Task to complete:
Leave every image out, and print the remaining lines below exactly.

=== Begin Enclosure ===

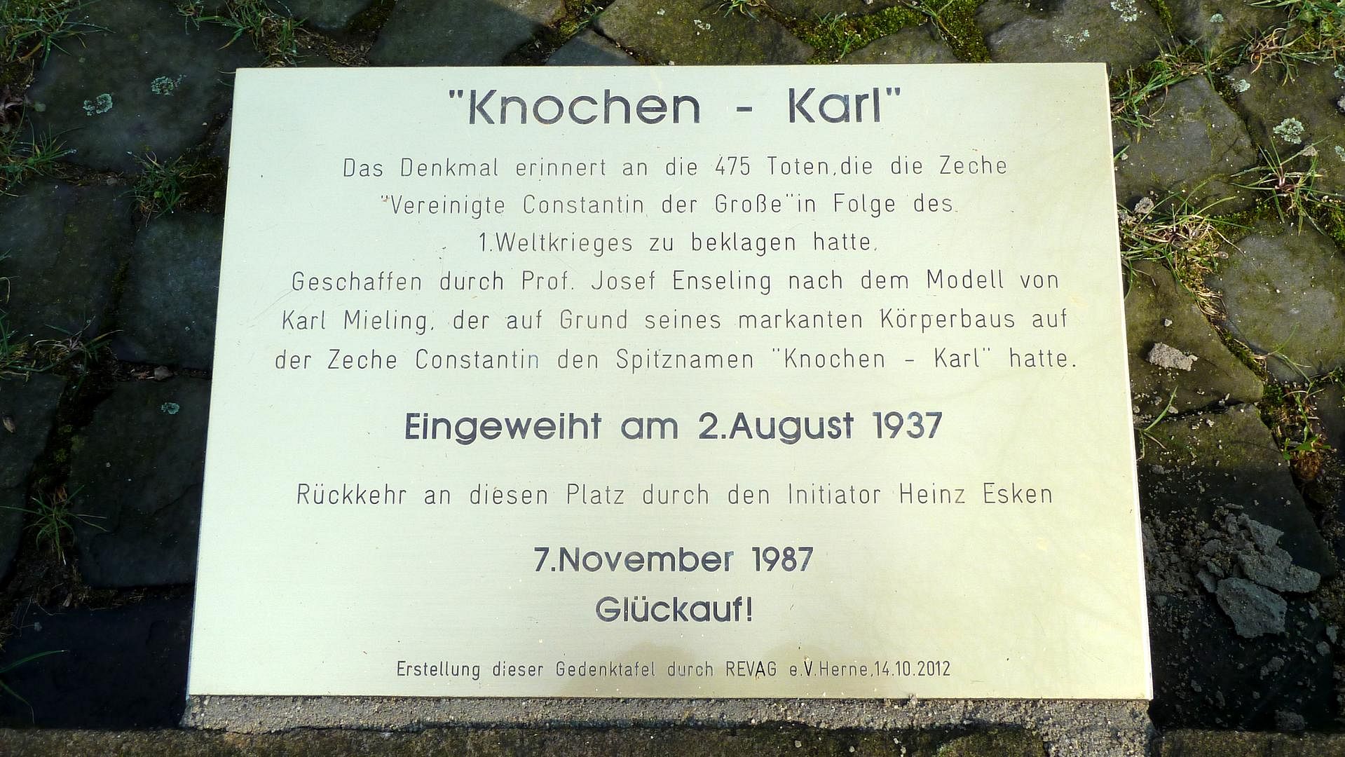 „Knochen-Karl“ erinnert an die 475 Toten, die die Zeche „Vereinigte Constantin der Große“ in Folge des Ersten Weltkriegs zu beklagen hatte.
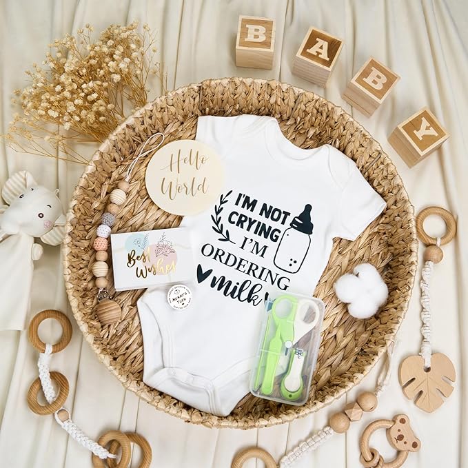 - READY TO GIFT, PREMIUM QUALITY, FUNNY INFANT WELCOME GIFT REGISTRY. Newborn essentials make a unique functional gift sets for new mother and father to be, 0-3M sized onesie set with hat, socks, anti-scratch babe mittens with tight closure, protect baby's delicate skin; the nail care kit helps parents trims tiny fingers and toes safely & effectively, neutral beige/white tones for gender reveal gift for parents-to-be. premium gold-foil gift box & baby bee tissue packaging, completed your best wishes in greeting cards, makes heartfelt baby shower basket to celebrate the little Bebe's arrival!
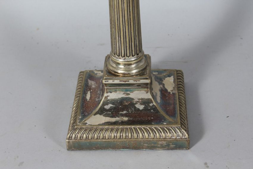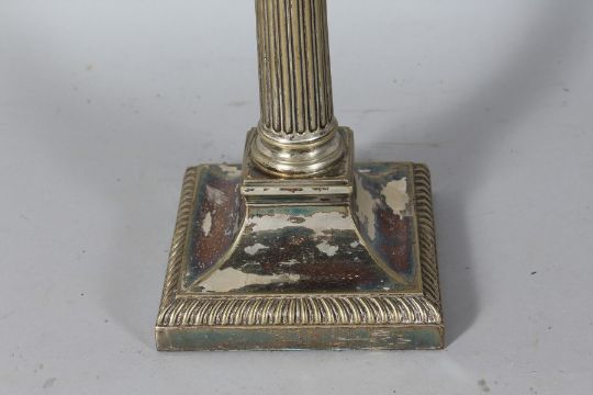 A SILVER PLATED CORINTHIAN COLUMN OIL LAMP with cut glass reservoir.
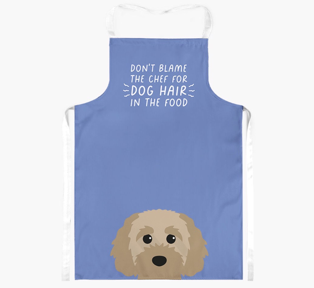 This funny apron will warn friends and family not to blame the chef for dog hairs in their food, they have Cavapoochon to thank for that!
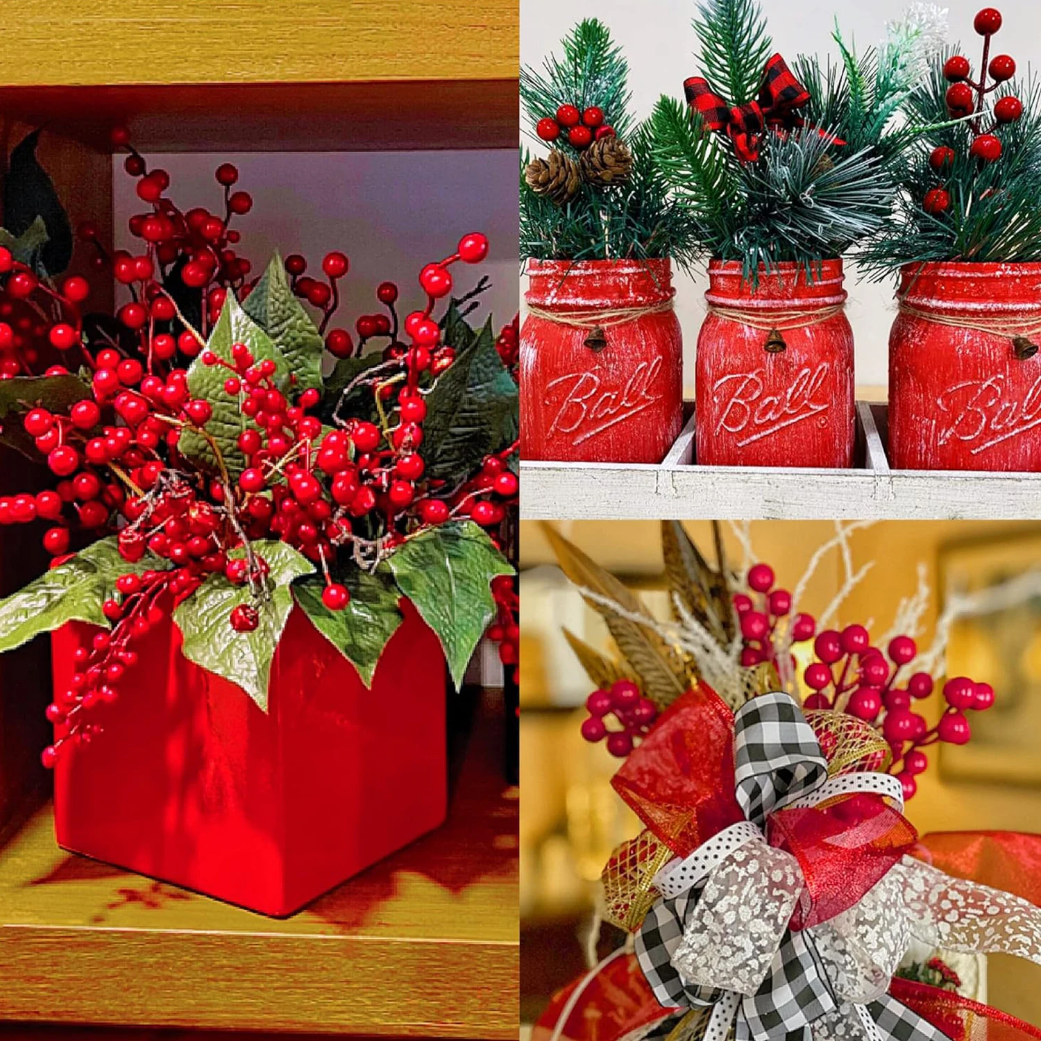 Artificial plant Holly Little Red Fruit New Year Christmas tree Home festival livingroom Wedding Decor diy gift Placement Prop
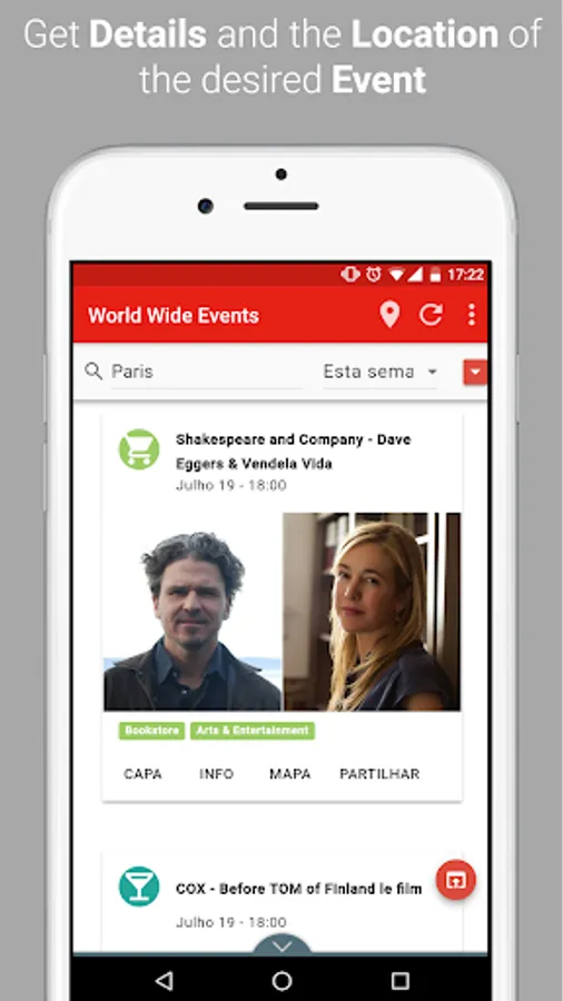 ✔ Find Events/venues divided in 20 categories: Music 🎵, Sports 🏆, Shopping 🎁, Travel ✈, Entertainment 🎮, ...
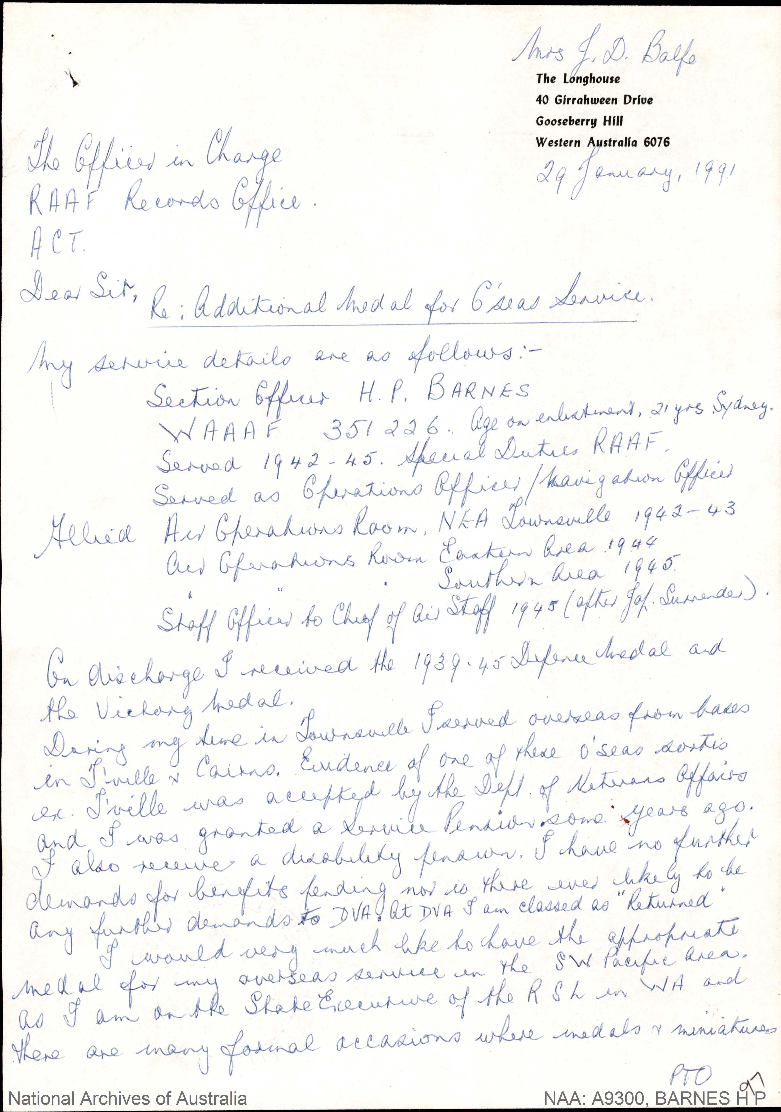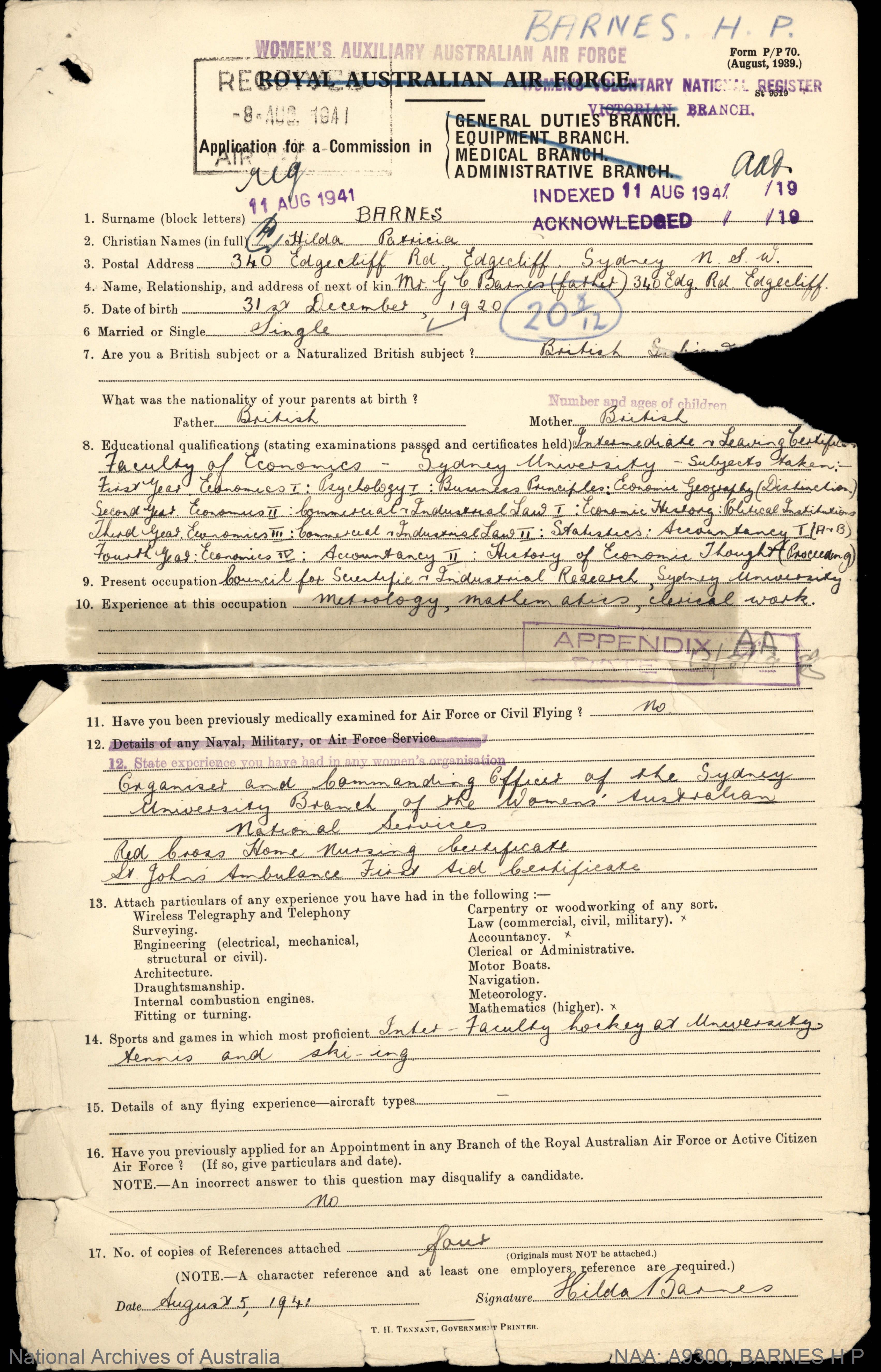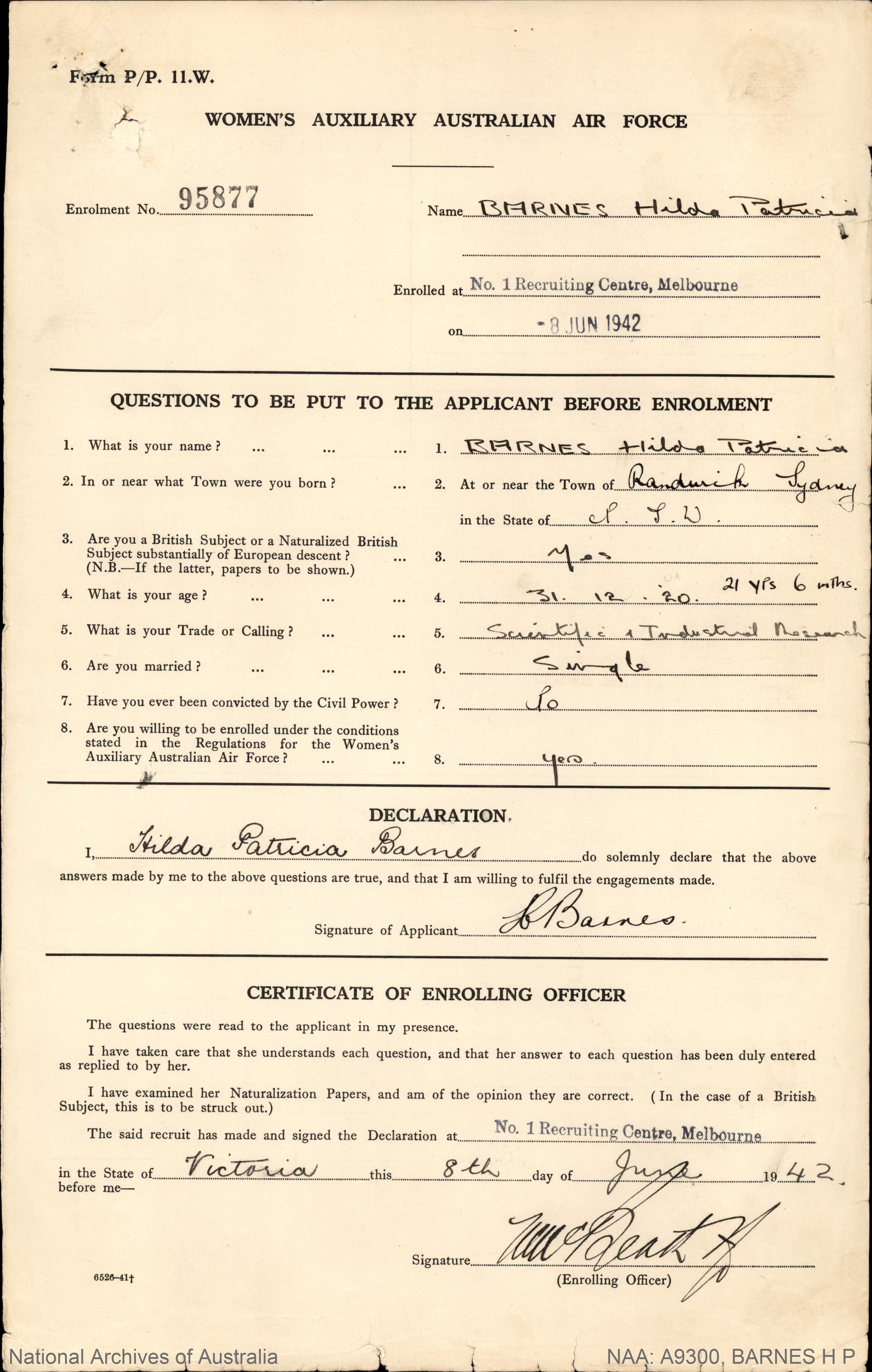 Hilda Patricia Barnes – born December 31 1920. Birth: BARNES HILDA P 6431/1921 to GERARD C and AIMEE registered at RANDWICK

=== End Enclosure ===

Finished exercise:
 „Knochen-Karl“ erinnert an die 475 Toten, die die Zeche „Vereinigte Constantin der Große“ in Folge des Ersten Weltkriegs zu beklagen hatte.
 - READY TO GIFT, PREMIUM QUALITY, FUNNY INFANT WELCOME GIFT REGISTRY. Newborn essentials make a unique functional gift sets for new mother and father to be, 0-3M sized onesie set with hat, socks, anti-scratch babe mittens with tight closure, protect baby's delicate skin; the nail care kit helps parents trims tiny fingers and toes safely & effectively, neutral beige/white tones for gender reveal gift for parents-to-be. premium gold-foil gift box & baby bee tissue packaging, completed your best wishes in greeting cards, makes heartfelt baby shower basket to celebrate the little Bebe's arrival!
 A SILVER PLATED CORINTHIAN COLUMN OIL LAMP with cut glass reservoir.
 This funny apron will warn friends and family not to blame the chef for dog hairs in their food, they have Cavapoochon to thank for that!
 Artificial plant Holly Little Red Fruit New Year Christmas tree Home festival livingroom Wedding Decor diy gift Placement Prop
 ✔ Find Events/venues divided in 20 categories: Music 🎵, Sports 🏆, Shopping 🎁, Travel ✈, Entertainment 🎮, ...
 Hilda Patricia Barnes – born December 31 1920. Birth: BARNES HILDA P 6431/1921 to GERARD C and AIMEE registered at RANDWICK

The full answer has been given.